Un amico mi ha inoltrato questa sua riflessione a proposito di quanto accaduto in Irlanda. Non pensate che sia una considerazione di estrema attualità?
«Avverto subito il lettore - sempre che la mia lettera venga pubblicata -, che questa è la riflessione di un “retrogrado oscurantista”, sconcertato di fronte alle stridenti contraddizioni dei nostri tempi.

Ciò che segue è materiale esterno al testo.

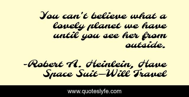 "Robert A. Heinlein, Have Space Suit—Will Travel Quotes." Quoteslyfe.com, 2025. Mon. 08 Dec. 2025. <https://www.quoteslyfe.com/quote/You-can-t-believe-what-a-lovely-180238>.
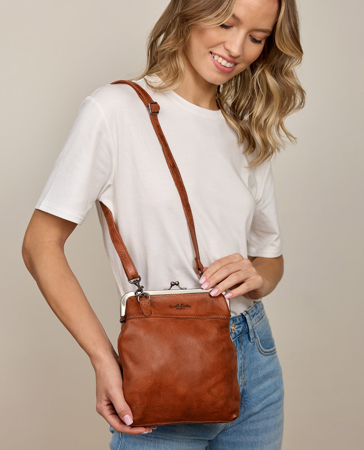 Magst du es bodenständig, aber doch ein klein wenig ausgefallen? Lässigkeit mit einer Prise Flair? Dürfen wir vorstellen – "Karlotta"! Deine neue Tasche im Geldbörsenstil. Für die extra Portion Retro in deinem Alltag – probier es mal mit "Karlotta", die durch den Berliner Großstadt Flair inspiriert wurde. Sie bringt urbanen Stil und Funktionalität in dein Leben, egal ob auf einem Spaziergang oder beim Shoppen in der Stadt. Innen besticht die Tasche mit einem großen Hauptfach und Retro Metallverschluss. So kann dein Hab und Gut nicht rausfallen und ist bestens geschützt. Das robuste Rindleder vollendet das Design. Hier finden Notizbücher, Handy, Lippenstift und Portemonnaie Platz.
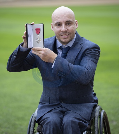 Image Licensed to i-Images Picture Agency. 09/12/2025. Windsor , United Kingdom. Andy Lapthorne with his MBE after an Investiture at Windsor Castle, United Kingdom., Credit:Stephen Lock / i-Images / Avalon
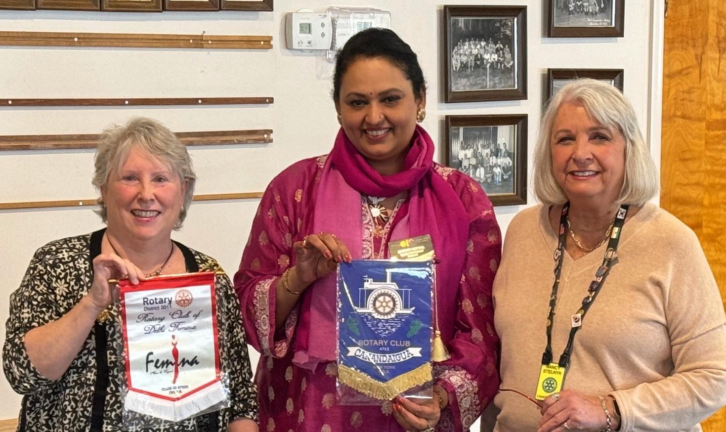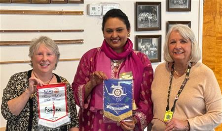 The Club was visited recently by Shruti Mittal from New Delhi, India. Shruti is President of her New Delhi club that is for women ONLY. When Rotarians visit another club, especially internationally, it is a tradition that both clubs exchange their flags.
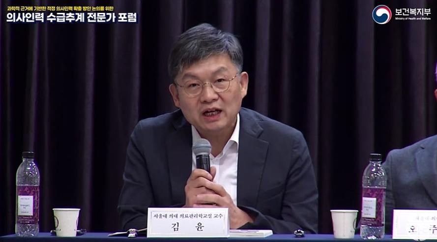 서울의대 의료관리학교실 김윤 교수는 앞서 6월 27일 보건복지부가 개최한 '과학적 근거에 기반한 적정 의사인력 확충 방안 논의를 위한 의사인력 수급추계 전문가 포럼'에서 토론자로 나서 우리나라 의사 수 부족을 설명하고, 의대정원 증원 및 의대 신설을 주장했다.

Siamo di fronte a una Unione Europea alquanto disunita su molti temi cruciali, fra questi la permanenza nell’Unione di un paese membro come la Grecia, le difficoltà nel risolvere i problemi del lavoro, della denatalità, della crisi di molte famiglie, delle migrazioni e delle guerre alle porte del continente, ma sembra che tutti esultino perché in Irlanda, con un referendum popolare, sono state concesse le nozze ai gay. In questo campo, come vediamo - che siamo favorevoli o contrari - dai politici più “illuminati” e dalla maggioranza dei media viene il canto dell’osanna per questa nuova “conquista di civiltà” e l’auspicio che anche i paesi più “retrogradi e oscurantisti” finalmente si allineino al nuovo “sole dell’avvenire”, ponendo ogni tipo di unione alla pari con la famiglia - ma si può dire ancora? - tradizionale. Scusate, ma, pur nella mia “oscurità mentale”, mi pare di vedere che tutti gli esseri umani sono nati da un rapporto uomo-donna, o no? Non credo sia necessaria la fede per “vedere” questa realtà! Ah, certo, adesso siamo diventati più moderni e liberi e i figli si possono concepire anche in provetta e si può persino concedere l’utero in affitto per dare un figlio a chi non lo può avere. E questo sembra il massimo della civiltà. Certo, da parte di molti “intelligenti” ci sono perplessità per quanto riguarda gli organismi geneticamente modificati, ma gli stessi esigono piena libertà invece per la manipolazione delle coscienze e delle cellule embrionali.
Scrivo queste riflessioni nel giorno in cui si ricorda l’entrata dell’Italia in quella che Benedetto XV e tutti i papi successivi, hanno definito come “Inutile strage”. Eppure anche a quel tempo le “menti più illuminate” non presero sul serio quelle affermazioni, che ora agli storici più seri appaiono come profetiche. Il Papa attuale - nel silenzio della maggioranza dei media - ha parlato di “colonizzazione ideologica di gender” persino nelle scuole. Fra non molti anni, ahi me - guardando al disastro creato da queste “nuove libertà” - si sarà costretti ad ammettere che aveva ragione.»